BEGIN

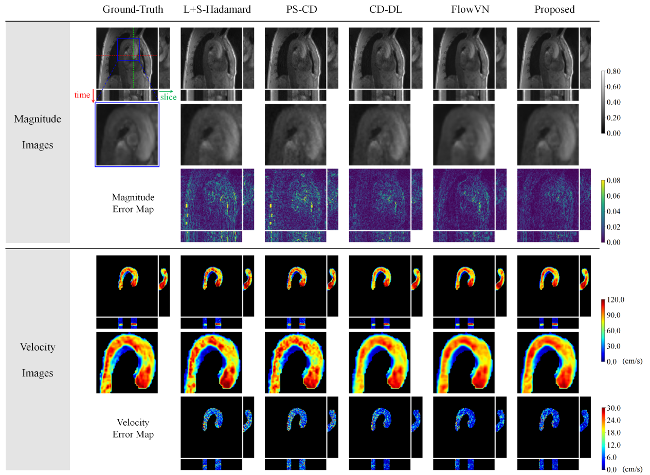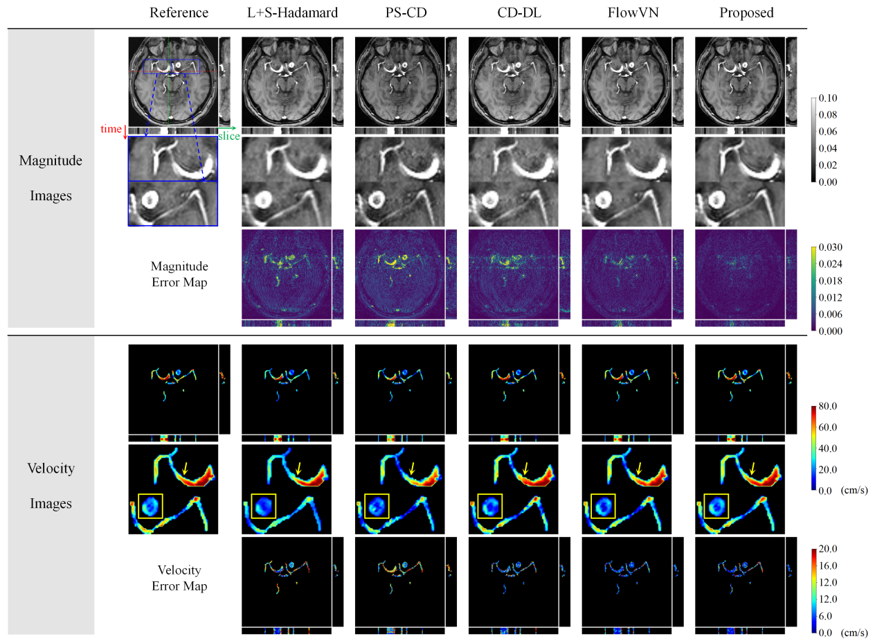对比方法:L+S-Hadamard(基于L+S的低秩-稀疏传统算法),PS-CD(基于部分可分离模型以及复数差稀疏性的传统算法),CD-DL(模值图和复数残差分别独立学习的深度学习算法),FlowVN(基于迭代展开变分网络的深度学习算法)。
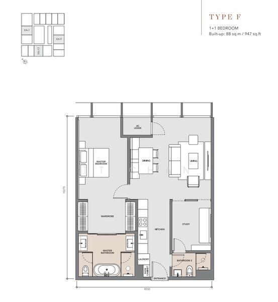 1+1Room -947sq.ft//88sqm/26.6ping (RM2.20-2.77mil) Rent Rm7.5k+
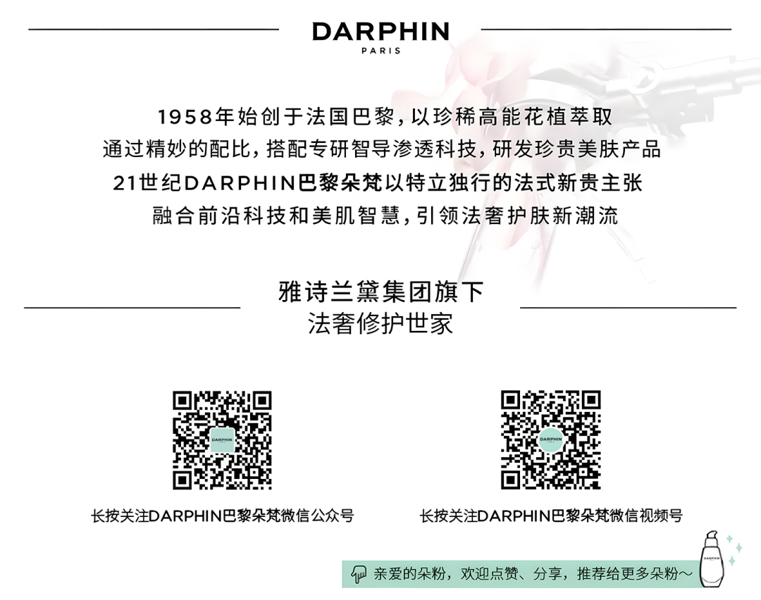 文章内容来源于公众号:DARPHIN巴黎朵梵,点此可查看原文,内容版权归相关企业所有,本网站仅供交流学习。若涉及版权问题或存在侵权情况,请及时与我们联系,我们将第一时间进行删除处理。
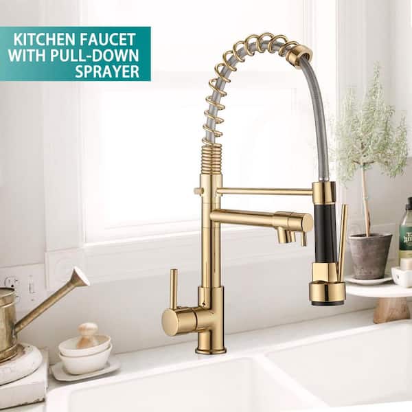 Single Handle in Gold 18.8 in. H Pull Down Sprayer Kitchen Faucet with 360° Spout Swivel Type
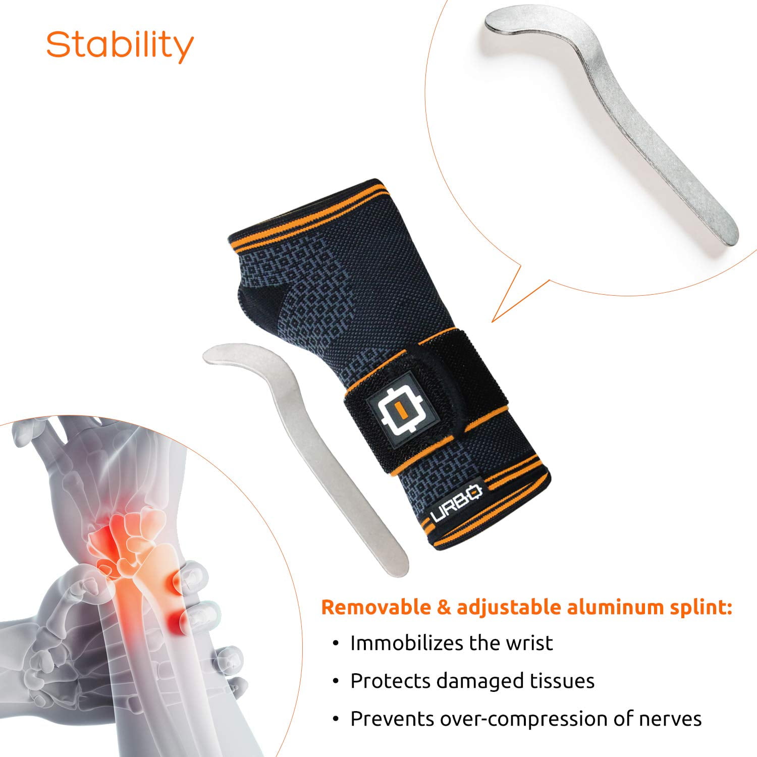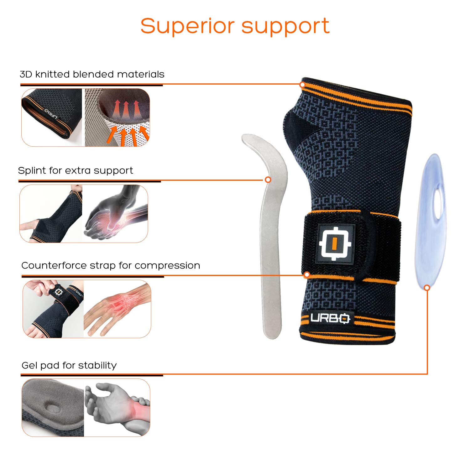 Rest easy with Urbo’s 1-year Worldwide Warranty which automatically extends to 2 years when warranty is activated online. (However, we wish you a speedy recovery and hope that you won’t need such a long warranty).✔ WRIST EASY: 3D knitting, gel pads and composite blend of premium materials & COPPER makes the Urbo® wrist brace breathable and odor-resistant. Specially contoured for extensor and flexor muscles in the human wrist, the brace does not chafe the skin nor does it bunch up or shift during normal hand movements.✔ ERGONOMIC COMFORT: Ideal for desk-bound workers and almost anybody dealing with repetitive use injuries and needing the comfort of a brace that supports their active lifestyle. Counterforce strap helps adjust compression and reduces stress on tendons.✔ THINK TANK: Conceptualized and created by a multidisciplinary team consisting of orthopedic professionals, textile engineers, product designers, athletes and occupational health specialists.✔ WRIST SPLINT SUPPORT: 3D cushioning and integrated manufacturing process combine to provide firm thermoplastic rubber gel pads for optimum balance between rigidity and comfort. Removable and adjustable aluminum splint for extra support.✔ CERTIFICATIONS & SERVICE: Manufactured in adherence to GMP, ISO 13485 and CE guidelines and FDA approved. Backed by Urbo’s reliable and friendly support.

END

**Directions for this task:** Nothing but an exact copy is needed, covering the lines from the line with "Single Handle in" through the last line of the entries, pictures excluded.

**Result for this exercise:**
 Single Handle in Gold 18.8 in. H Pull Down Sprayer Kitchen Faucet with 360° Spout Swivel Type
 Rest easy with Urbo’s 1-year Worldwide Warranty which automatically extends to 2 years when warranty is activated online. (However, we wish you a speedy recovery and hope that you won’t need such a long warranty).✔ WRIST EASY: 3D knitting, gel pads and composite blend of premium materials & COPPER makes the Urbo® wrist brace breathable and odor-resistant. Specially contoured for extensor and flexor muscles in the human wrist, the brace does not chafe the skin nor does it bunch up or shift during normal hand movements.✔ ERGONOMIC COMFORT: Ideal for desk-bound workers and almost anybody dealing with repetitive use injuries and needing the comfort of a brace that supports their active lifestyle. Counterforce strap helps adjust compression and reduces stress on tendons.✔ THINK TANK: Conceptualized and created by a multidisciplinary team consisting of orthopedic professionals, textile engineers, product designers, athletes and occupational health specialists.✔ WRIST SPLINT SUPPORT: 3D cushioning and integrated manufacturing process combine to provide firm thermoplastic rubber gel pads for optimum balance between rigidity and comfort. Removable and adjustable aluminum splint for extra support.✔ CERTIFICATIONS & SERVICE: Manufactured in adherence to GMP, ISO 13485 and CE guidelines and FDA approved. Backed by Urbo’s reliable and friendly support.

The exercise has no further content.